- **REQUIRED WORK**
Restate word for word the lines in the listing below, starting at the line containing "Collier fleur rouge" and ending at the line containing "La creazione di", both included; leave out the rest.

- **DATA UNDER STUDY**
=======
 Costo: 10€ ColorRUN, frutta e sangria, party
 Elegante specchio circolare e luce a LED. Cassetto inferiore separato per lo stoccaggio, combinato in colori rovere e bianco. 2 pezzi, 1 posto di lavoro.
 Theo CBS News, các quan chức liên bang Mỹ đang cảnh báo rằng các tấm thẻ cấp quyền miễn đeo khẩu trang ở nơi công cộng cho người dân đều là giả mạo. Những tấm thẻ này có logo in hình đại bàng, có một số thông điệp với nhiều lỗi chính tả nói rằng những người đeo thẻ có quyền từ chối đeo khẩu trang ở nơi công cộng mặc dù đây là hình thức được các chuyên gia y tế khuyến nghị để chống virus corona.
=======
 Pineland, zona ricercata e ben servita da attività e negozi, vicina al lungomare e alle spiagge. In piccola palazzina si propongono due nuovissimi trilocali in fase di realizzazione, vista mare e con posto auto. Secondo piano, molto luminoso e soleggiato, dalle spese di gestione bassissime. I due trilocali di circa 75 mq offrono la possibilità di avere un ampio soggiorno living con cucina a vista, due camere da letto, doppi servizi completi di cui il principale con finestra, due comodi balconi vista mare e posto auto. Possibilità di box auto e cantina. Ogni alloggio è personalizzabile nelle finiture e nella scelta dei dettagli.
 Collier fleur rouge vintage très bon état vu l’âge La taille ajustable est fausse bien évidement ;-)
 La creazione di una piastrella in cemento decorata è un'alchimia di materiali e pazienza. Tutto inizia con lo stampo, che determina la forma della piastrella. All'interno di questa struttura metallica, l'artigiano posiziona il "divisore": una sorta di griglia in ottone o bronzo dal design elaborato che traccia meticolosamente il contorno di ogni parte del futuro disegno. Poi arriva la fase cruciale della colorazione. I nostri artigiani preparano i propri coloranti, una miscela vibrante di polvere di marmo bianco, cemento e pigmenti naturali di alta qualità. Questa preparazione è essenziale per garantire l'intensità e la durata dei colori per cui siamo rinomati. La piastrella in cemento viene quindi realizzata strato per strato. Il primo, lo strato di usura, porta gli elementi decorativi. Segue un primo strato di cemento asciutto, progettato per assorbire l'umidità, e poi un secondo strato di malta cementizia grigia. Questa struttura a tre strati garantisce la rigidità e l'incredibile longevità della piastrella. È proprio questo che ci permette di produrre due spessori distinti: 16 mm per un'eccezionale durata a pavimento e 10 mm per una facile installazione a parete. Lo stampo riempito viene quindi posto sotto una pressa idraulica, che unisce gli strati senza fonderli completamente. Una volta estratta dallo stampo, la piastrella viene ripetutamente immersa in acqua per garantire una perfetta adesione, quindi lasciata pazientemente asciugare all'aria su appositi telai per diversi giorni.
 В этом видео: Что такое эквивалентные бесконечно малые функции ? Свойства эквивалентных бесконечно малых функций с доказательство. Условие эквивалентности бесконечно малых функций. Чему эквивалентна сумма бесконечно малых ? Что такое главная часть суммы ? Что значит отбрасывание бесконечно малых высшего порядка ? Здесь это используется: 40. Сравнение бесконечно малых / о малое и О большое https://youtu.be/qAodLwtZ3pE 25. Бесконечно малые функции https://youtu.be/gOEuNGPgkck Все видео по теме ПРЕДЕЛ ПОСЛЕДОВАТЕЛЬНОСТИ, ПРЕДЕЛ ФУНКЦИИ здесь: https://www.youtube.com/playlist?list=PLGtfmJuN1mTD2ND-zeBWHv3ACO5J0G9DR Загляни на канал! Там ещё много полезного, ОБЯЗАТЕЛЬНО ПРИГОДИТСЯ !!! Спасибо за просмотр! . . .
=======
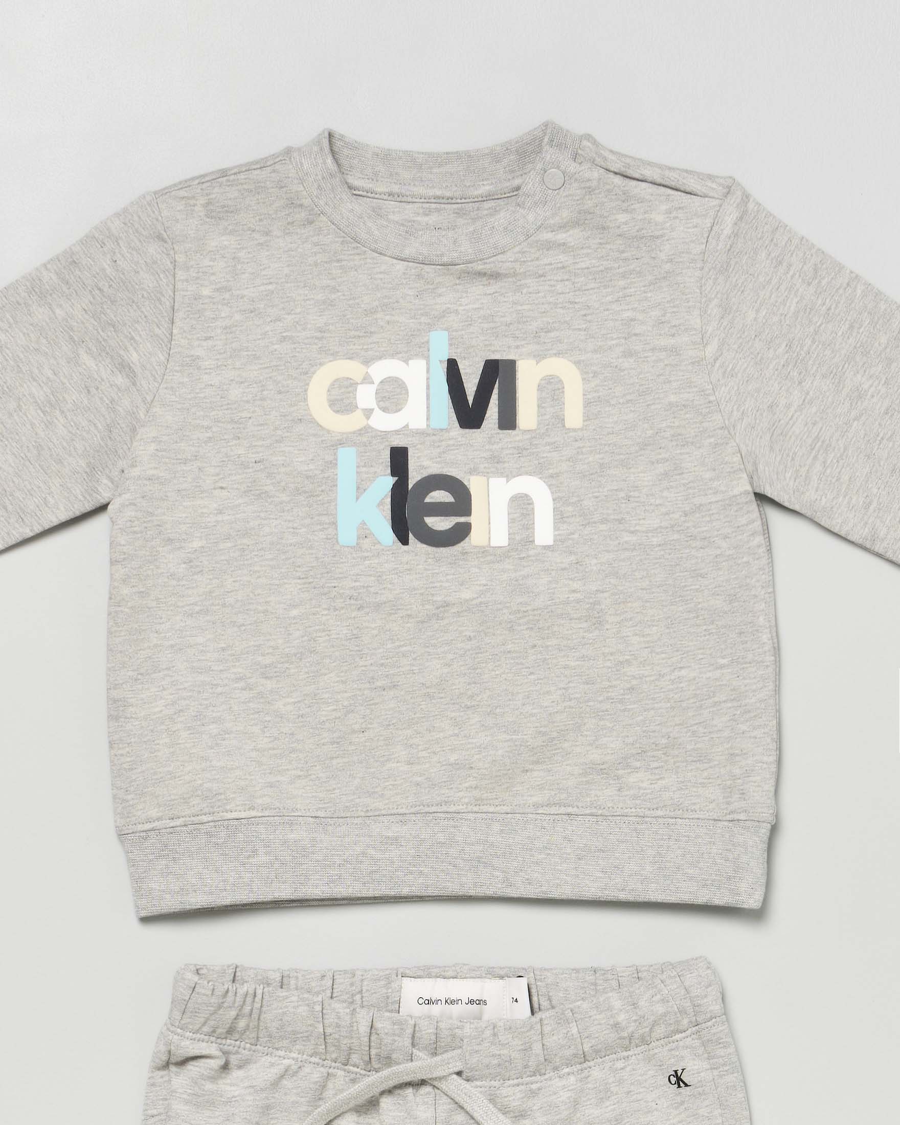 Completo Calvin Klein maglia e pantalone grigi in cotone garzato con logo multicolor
=======
- **WRITTEN SOLUTION**
 Collier fleur rouge vintage très bon état vu l’âge La taille ajustable est fausse bien évidement ;-)
 La creazione di una piastrella in cemento decorata è un'alchimia di materiali e pazienza. Tutto inizia con lo stampo, che determina la forma della piastrella. All'interno di questa struttura metallica, l'artigiano posiziona il "divisore": una sorta di griglia in ottone o bronzo dal design elaborato che traccia meticolosamente il contorno di ogni parte del futuro disegno. Poi arriva la fase cruciale della colorazione. I nostri artigiani preparano i propri coloranti, una miscela vibrante di polvere di marmo bianco, cemento e pigmenti naturali di alta qualità. Questa preparazione è essenziale per garantire l'intensità e la durata dei colori per cui siamo rinomati. La piastrella in cemento viene quindi realizzata strato per strato. Il primo, lo strato di usura, porta gli elementi decorativi. Segue un primo strato di cemento asciutto, progettato per assorbire l'umidità, e poi un secondo strato di malta cementizia grigia. Questa struttura a tre strati garantisce la rigidità e l'incredibile longevità della piastrella. È proprio questo che ci permette di produrre due spessori distinti: 16 mm per un'eccezionale durata a pavimento e 10 mm per una facile installazione a parete. Lo stampo riempito viene quindi posto sotto una pressa idraulica, che unisce gli strati senza fonderli completamente. Una volta estratta dallo stampo, la piastrella viene ripetutamente immersa in acqua per garantire una perfetta adesione, quindi lasciata pazientemente asciugare all'aria su appositi telai per diversi giorni.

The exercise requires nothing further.